The US dollar is extending its gains. The moves are not huge but they could continue. The Fed could raise rates with more confidence and hint about it in next week’s meeting.

The price index is strong at 2.2% against 1.7$ predicted, yet the core PCE is stable at 1.3%. Inventories did have their contribution: 0.73% and this may turn negative in Q3. Business investment is up 3.9%, equipment investment 8.6% and there is no clear-cut assessment about the effect of the hurricanes. This may wait for the revisions.
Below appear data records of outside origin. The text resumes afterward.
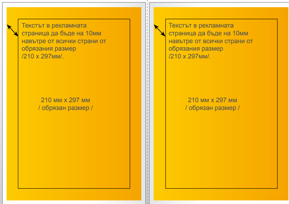
432 мм x 303 мм / не обрязан размер / 420 мм x 297 мм / обрязан размер /
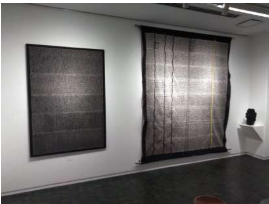
2F 黒の部屋 (縫いとオブジェ)
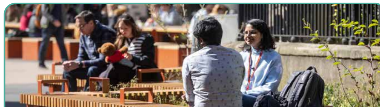
Gwella Ardal Canolfan Siopa'r Stryd Fawr

Lleoliad allweddol ar hyd y ffordd yw cyffordd Ffordd y Doc, sy'n eich arwain chi i lawr i'r Dociau. Mae pensaernïaeth Victoriaidd adeiladau cyfagos a llecynnau gwyrdd yn creu amgylchedd braf, ond gellid gwella hyn trwy gelf cyhoeddus ac arwyddion i gyfeirio pobl yn well. Dylid rhoi ystyriaeth hefyd i fynediad i feicwyr a cherddwyr rhwng y B5129, y Llwybr Beicio Cenedlaethol a Llwybr Arfordir Cymru.
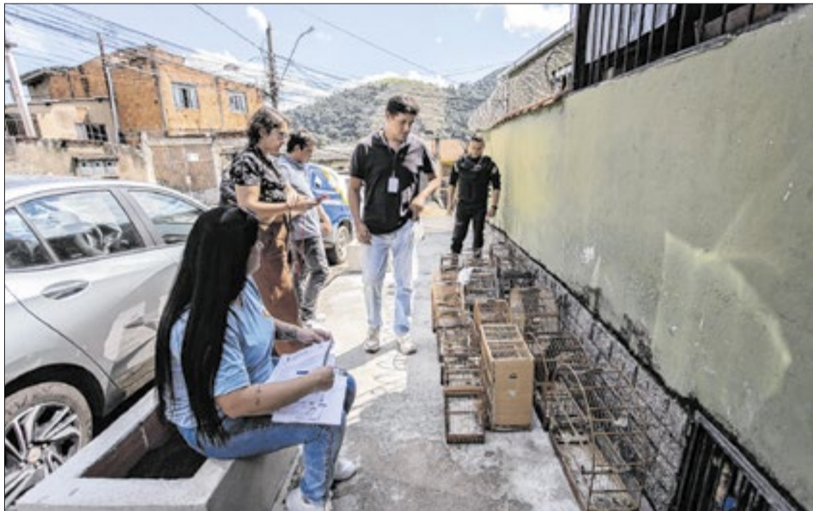
Animais foram encontrados em residência no bairro Santo Agostinho
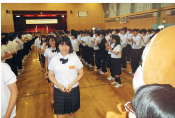
韓国空港高校を迎えての歓迎式

(1) 姉妹校交流 本校では2つの国際科だけでなく、全校で国際交流に取り組んでいます。韓国空港高校と米国ジェームスリバー高校とは姉妹校として、毎年それぞれの訪問団が来訪します。本校からも10月に韓国、11月に米国を訪れ、相互に生徒宅でホームステイし、一緒に学校生
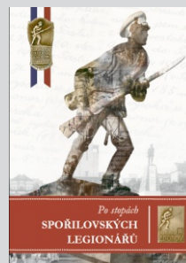
Po stopách SPORILOVSKÝCH LEGIONÁŘŮ

Cena obou publikací je 250 Kč. Při zakoupení obou knih současně poskytuje redakce Spořilovských novin až do odvolání mimořádnou slevu a obě knihy lze zakoupit za 300 Kč (platí pouze pro osobní odběr v Praze-Modřanech, při zaslání poštou je připočítáváno poštovné a balné 100 Kč). Bližší informace rádi poskytneme na elektronické adrese noviny@sporilov.info nebo na tel. 777 944 684.
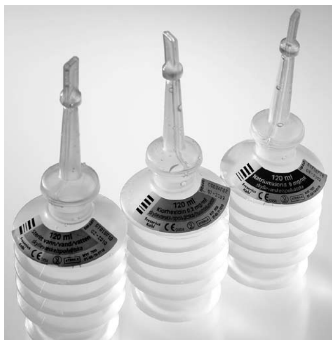
Eksempel på design af medicinemballage.
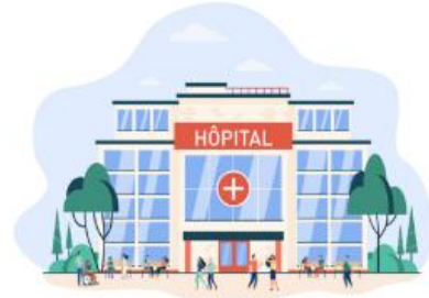
Etablissements de santé

Ne pas utiliser le navigateur Internet Explorer.
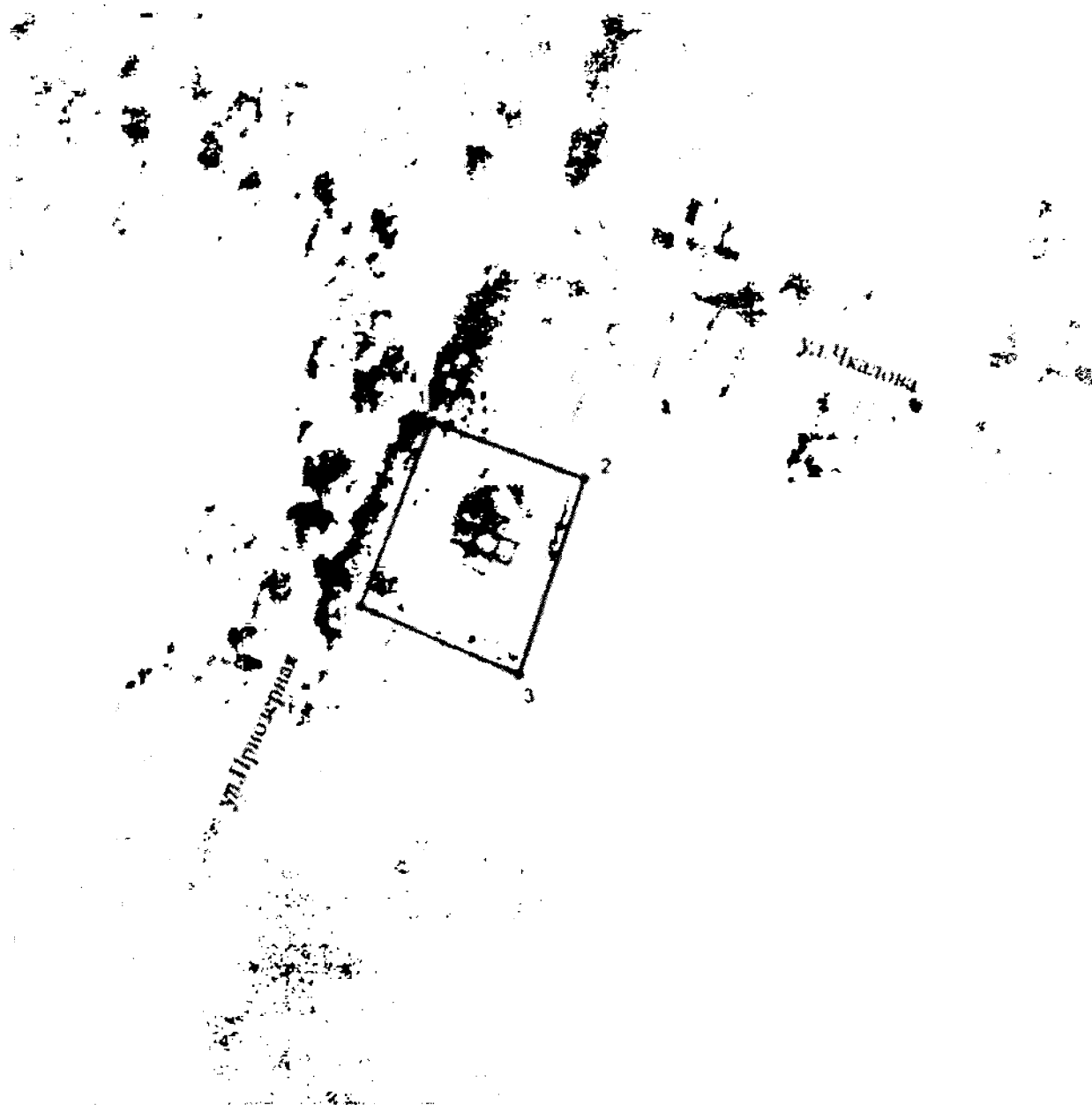
Схема границ территории объекта культурного наследия регионального значения «Церковь Покровская»
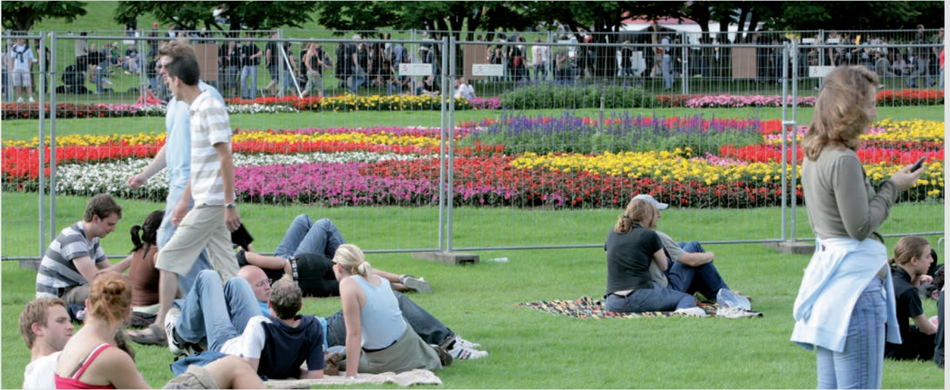
Abgrenzung von empfindlichen Gartenanlagen, Rheinkultur Festival
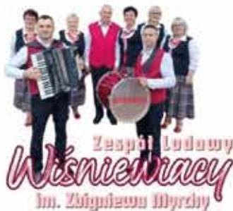
Zespół Ludowy Wiśniewiaczy im. Zbigniewa Myrchy
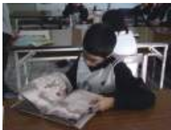
圖 34 學生閱讀繪本《紋山》
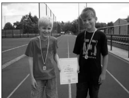
Atletický trojboj, žáci 2.-3. tříd okresní kolo – 1. místo
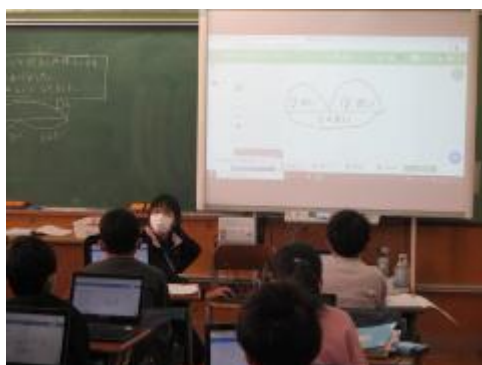
友達の表した図をみんなで確かめました

Currency reaction (updated)

  • EUR/USD was struggling to hold onto 1.16, below resistance at 1.1620 and above support at 1.1580, due to Draghi’s open door to bond buying beyond September 2018. The pair now slips under 1.16 and reaches a new low of 1.1583.
  • GBP/USD dropped to 1.3090 despite an upbeat GDP report from the UK. Cable slips to 1.3080. Support awaits at 1.3030.
  • USD/JPY was feeling comfortable above 114. Dollar/yen moves up to 114.30. Tough resistance is at 114.50.
  • AUD/USD was down under at around 0.7640 and reacts with a  minor slip.
  • USD/CAD flirted with the 1.29 level and edges closer to it.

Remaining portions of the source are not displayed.